Revisiting “Late Victorian Holocausts”

by ©️Leslye Joy Allen

I’m not going to write a full analysis of the late historian Mike Davis’ exceptional book “Late Victorian Holocausts: El Niño Famines and the Making of the Third World.” I do, however, want to revisit it and emphasize a few points Davis made about European colonialism in the late 19th century.

Davis’ examination of famines and droughts in Southeast Asia, China, Africa, and Latin America underscored how indigenous peoples were dispossessed of their land; and their time-honored farming traditions were also dismissed. It created ecological and environmental problems we now deal with today but rarely think about.

Davis acknowledged that land theft, the closing off of common farming areas, and violence against these populations were key components of European colonization and expansion, but he added one more element—the weather.
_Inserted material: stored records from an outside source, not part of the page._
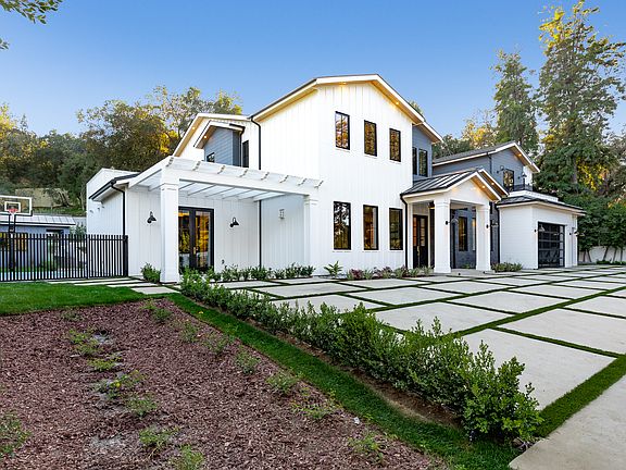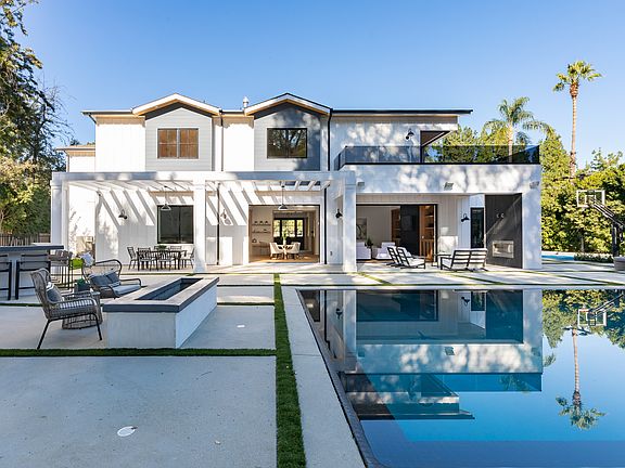 Exquisite new construction gated estate in a coveted enclave of Encino. Past the motor court and covered entrance with farm door, guests are greeted by a stunning two-story foyer and wide-plank European Oak floors. Flanked by a formal dining room and elegant formal living room, the Entertainer's floor plan continues with a temperature-controlled wine room, perfect for showcasing even the finest vintage collection. The gourmet Chef's kitchen boasts quartz countertops, 72-Inch Subzero refrigerator, and 60-inch 6 burner Wolf range with grill, griddle, and pot-filler. The inviting family room with contemporary fireplace and built-in bookshelves with storage. Oversized pocket doors open to an outdoor living room with fireplace and media hookups, perfect for al fresco dining. The well-appointed media room features chic paneled walls, while a spacious executive office has french doors to the front courtyard. Upstairs, the romantic master suite showcases a fireplace, incredible duel walk-in closets, and large wrap around balcony with views of the backyard. The massive spa-like master bath boasts soaring ceilings, large rain shower, dual vanity, and a soaking tub. Additional conveniences include Control 4 smart-home automation. The sprawling grounds feature a sparkling pool & spa, sport court, spacious elevated grass area and pool cabana with full bathroom. A true one-of-a-kind estate, near fine dining, shopping, & more.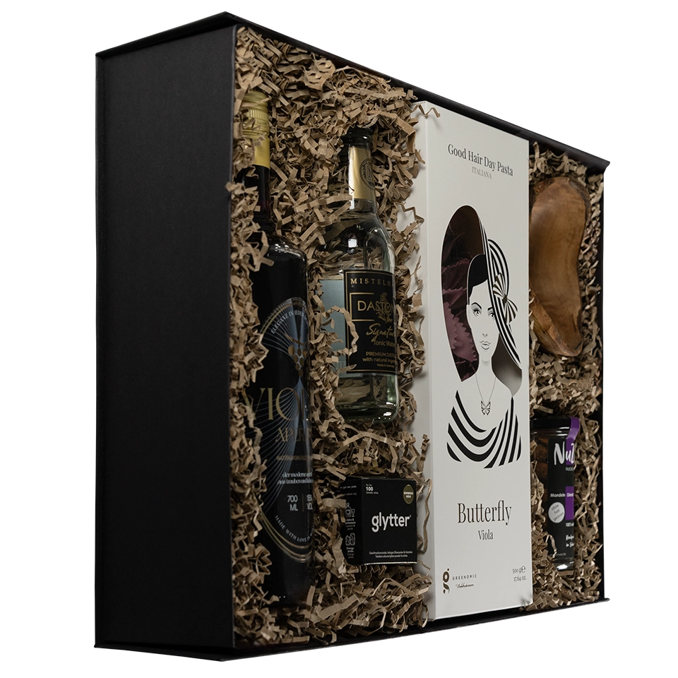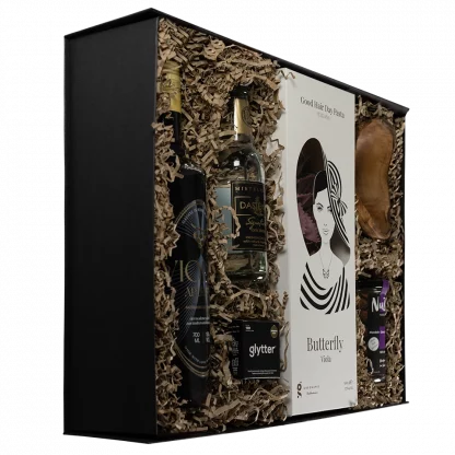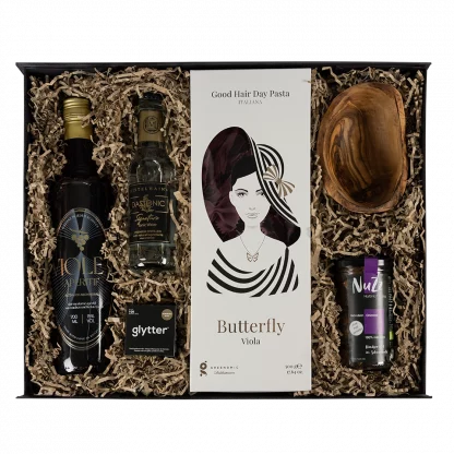 Unsere lila Box ist perfekt für alle, die einen echten Wow-Moment verdienen. Der exklusive Aperitif "Violet" lässt sich mit dem beiliegenden Tonic Water zu einem violetten Tonic mixen. Wer es noch spektakulärer mag, kann mit dem goldenen Pulver dem Getränk zusätzlichen Glanz verleihen. Als passende Begleitung dienen die orientalischen Mandeln, stilvoll in einer Olivenholz-Schale präsentiert. Abgerundet wird das lila Erlebnis durch die Feinkost-Nudeln "Butterfly", die ihre besondere Farbe den violetten Karotten verdanken. Eine Box, die Genuss und Überraschung auf besondere Weise vereint.I'm a box. I'm a present.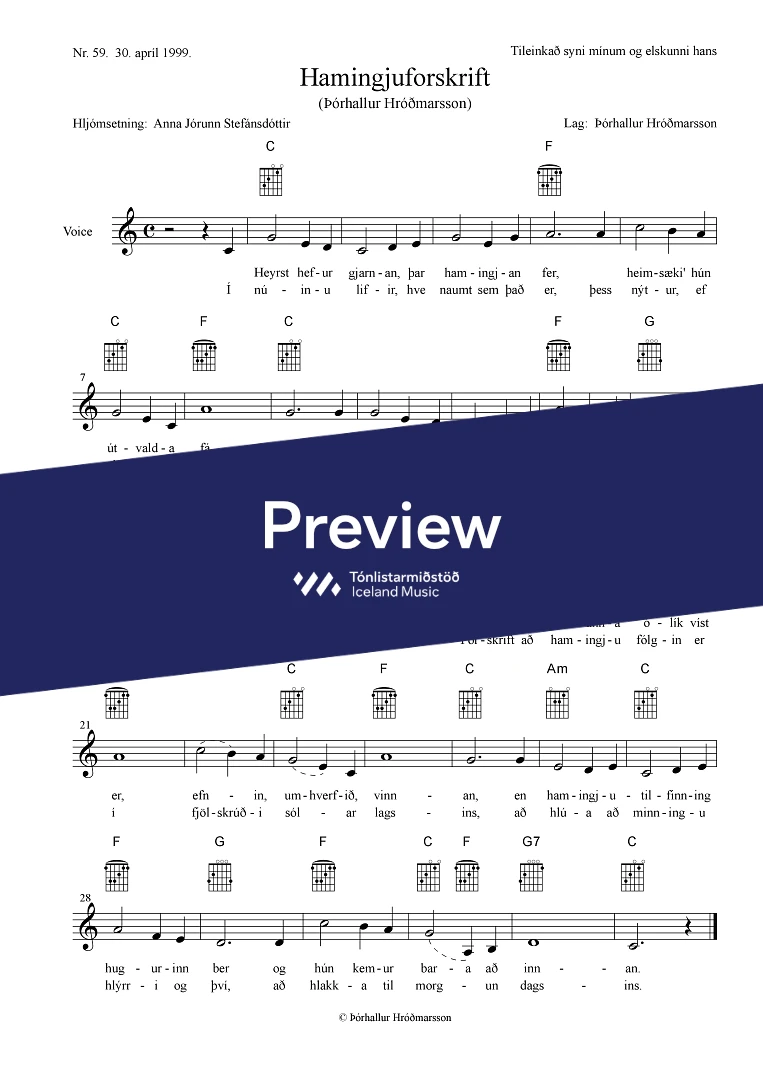 Text sampleHeyrst hefur gjarnan, þar hamingjan fer,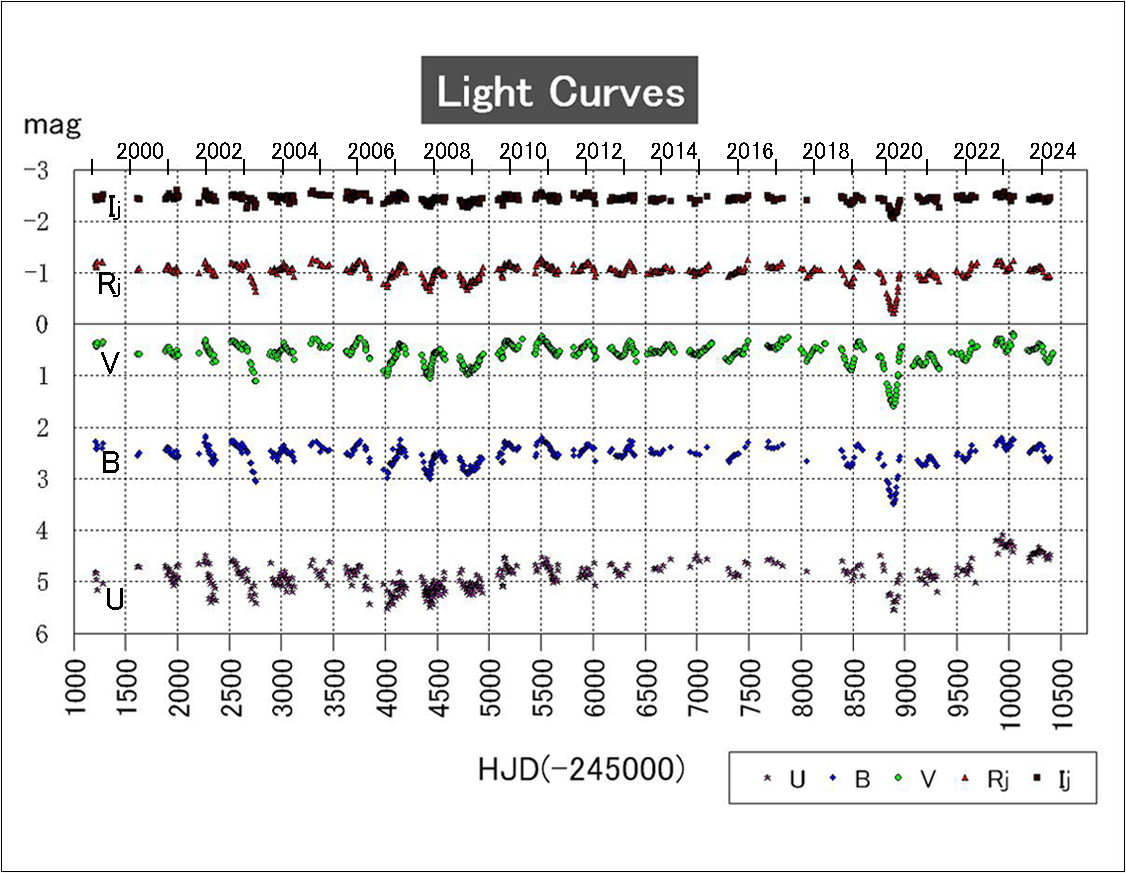 をとって観測誤差とすると,1999年以降の平均値はV等級で0.0146等U-Bではこの約2倍他のバンドはVと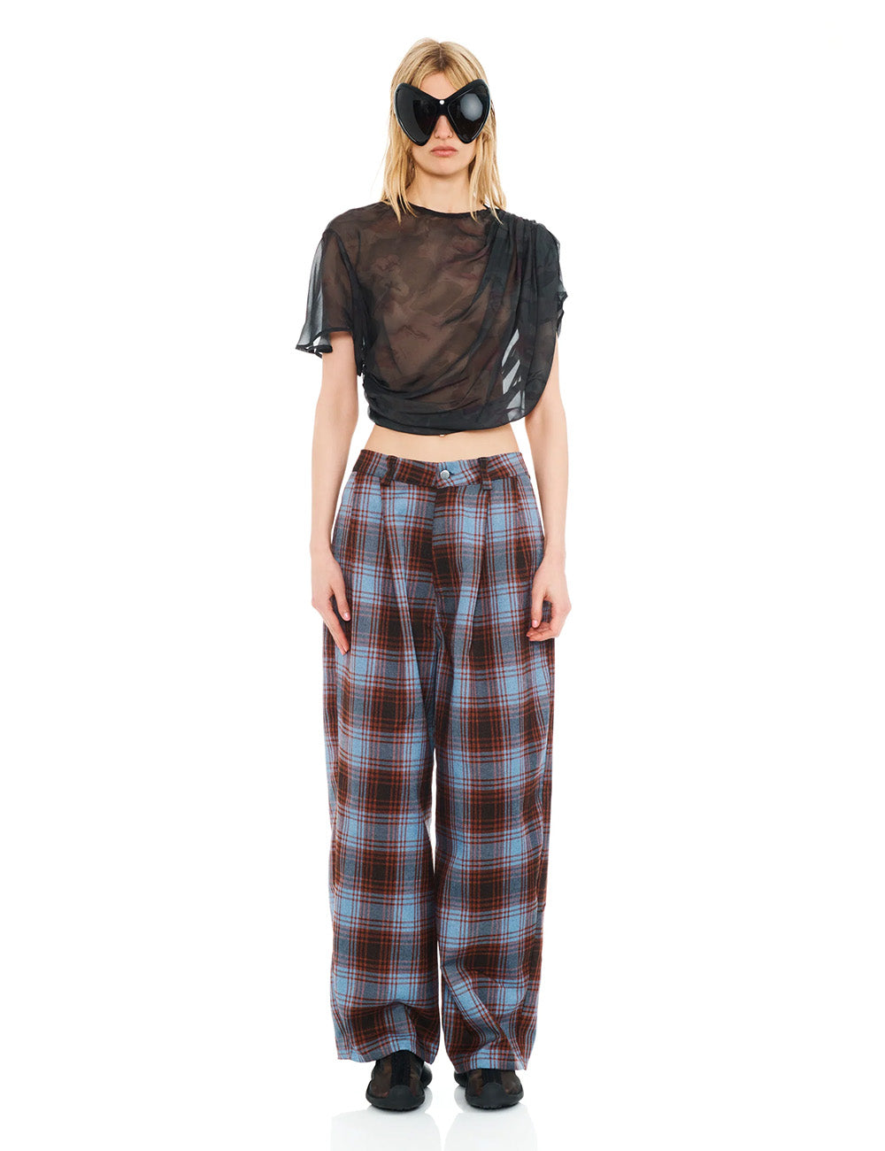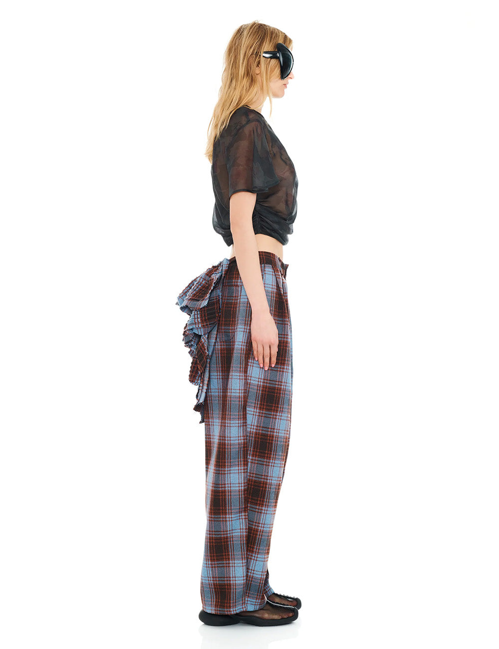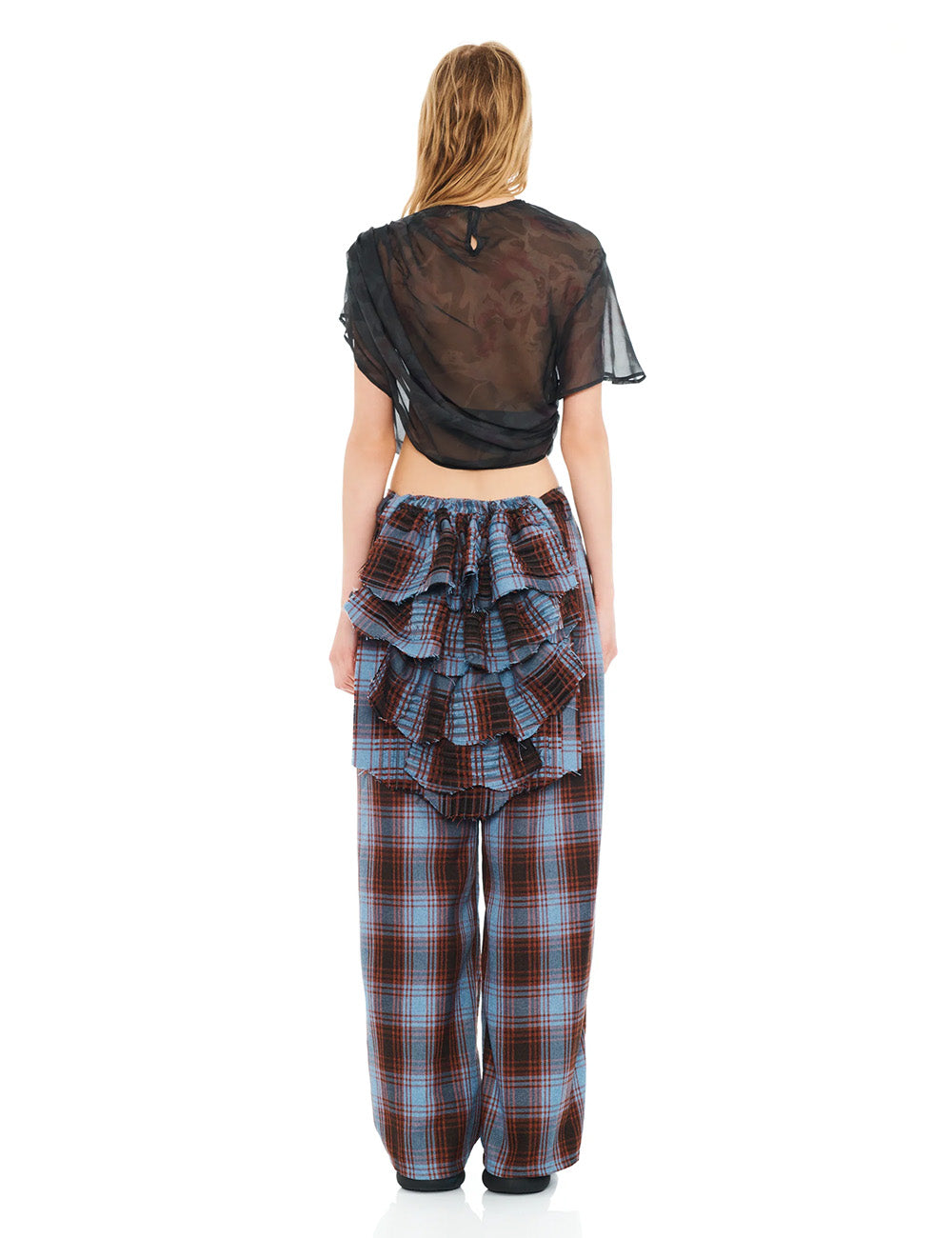 Mid rise pants, pleated in cranberry sky plaid with detachable ruffle bustle at back.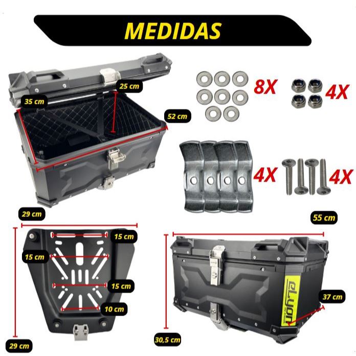 BAÚ 65 LITROS MODELO REFORÇADO UNIVERSAL ACOMPANHA NA EMBALAGEM: 1 Baú completo de ACM; 1 Suporte de fixação do baú desmontável com diversas medidas; 2 Chaves do baú e do suporte; 4 Braçadeiras para fixação do suporte na churrasqueira; 4 Parafusos allen de fixação 42,55mm; 4 Porcas de fixação; 8 Arruelas; 2 Fitas reflexivas amarelas (já coladas, mas podem ser removidas). Revestimento interno em couro sintético personalizado com bolsos e cinto. Todos os itens necessários para instalação do baú em sua moto estão neste kit, inclusive as chaves para aperto, desta maneira a instalação é simples para utilização em sua moto. COR: Preto. O material do baú é ACM, que é a sigla para Aluminium Composite Material, ou material composto de alumínio em português. É um tipo de material de construção composto por duas camadas externas de alumínio e um núcleo de polietileno. - Durabilidade: O ACM é altamente resistente a condições climáticas adversas, como chuva, vento e sol, e não é suscetível à corrosão, o que o torna uma opção durável e de baixa manutenção; - Resistência ao Impacto: O ACM possui boa resistência ao impacto, o que significa que os baús podem suportar cargas e golpes sem deformar ou danificar facilmente; - Segurança: Os baús de ACM são projetados para oferecer boa segurança, com fechaduras e mecanismos robustos que podem proteger o conteúdo armazenado de forma eficiente; - Leveza: Os baús de ACM são mais leves do que os feitos com materiais metálicos sólidos ou madeiras pesadas, facilitando o transporte e a movimentação.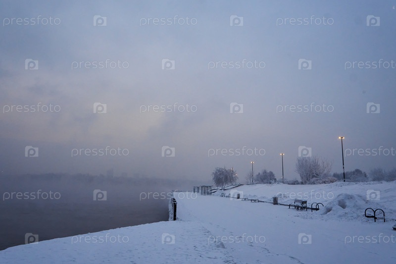 Морозное туманное зимнее утро над Енисеем в центре Красноярска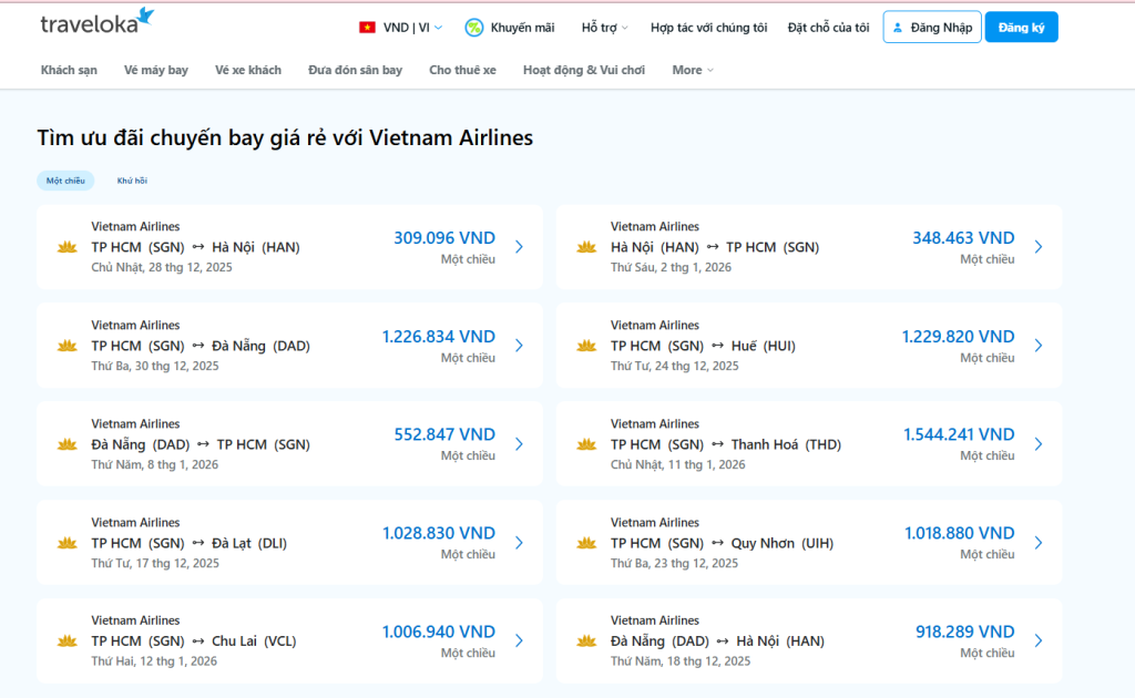 Bạn có thể dễ dàng tra cứu giá vé máy bay Hà Nội Sài Gòn hôm nay ngay trên ứng dụng hoặc website, so sánh các mức giá theo hãng bay và khung giờ để chọn được chuyến phù hợp nhất. Traveloka luôn cập nhật dữ liệu thời gian thực để mang đến các lựa chọn ưu đãi và chính sách vé linh hoạt, giúp kế hoạch di chuyển của bạn thuận tiện và tiết kiệm hơn.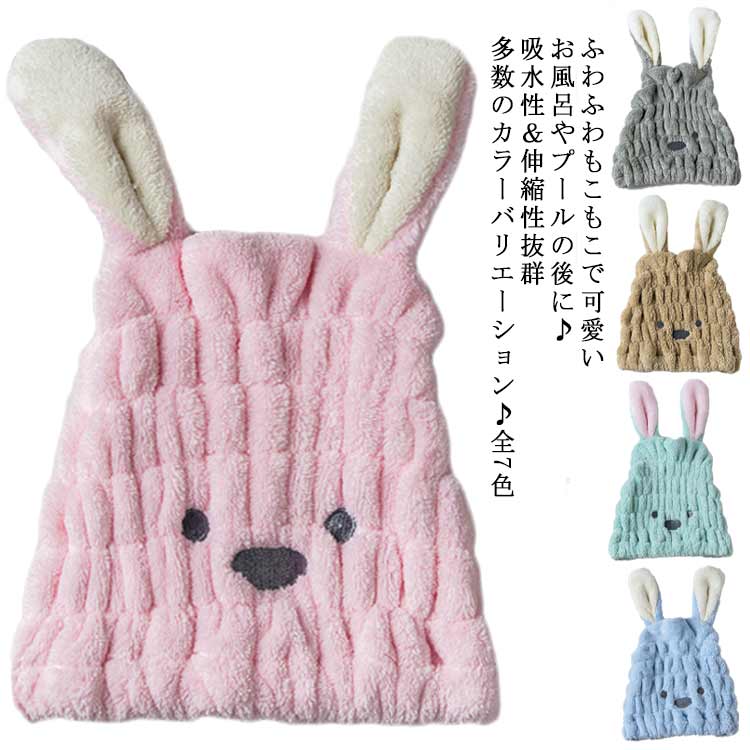 ヘアキャップ ドライキャップ タオルキャップ うさぎ 吸水 タオル 大人 子供 男の子 女の子 シャワー 吸水 速乾 マイクロファイバー 風呂 水泳 スイミング プール 帽子 ヘアターバン お風呂 寝

European colonizers studied El Niño weather patterns to determine when populations in Southeast Asia, Latin America, Africa, China, and etcetera, would be at their most vulnerable.

El Niño is part of a long-existing and large weather pattern. During El Niño, areas of the Pacific Ocean experience unusually high surface temperatures. El Niño disrupts typical weather patterns, affects rainfall, temperatures, and etcetera. The period when these waters are much cooler is called La Niña.

Europeans studied when the weather was working against the people and the lands they wished to colonize—The colonizers struck most often at those times proving that famines are human-made.

The book’s preface offers a detailed account of former U. S. President Ulysses Grant and his family on vacation in 1877 after he left office. He and his family visited Europe first, but soon ended up visiting places devastated by famine. Grant took notes about what he saw, but he did not report the degree of ecological destruction he witnessed.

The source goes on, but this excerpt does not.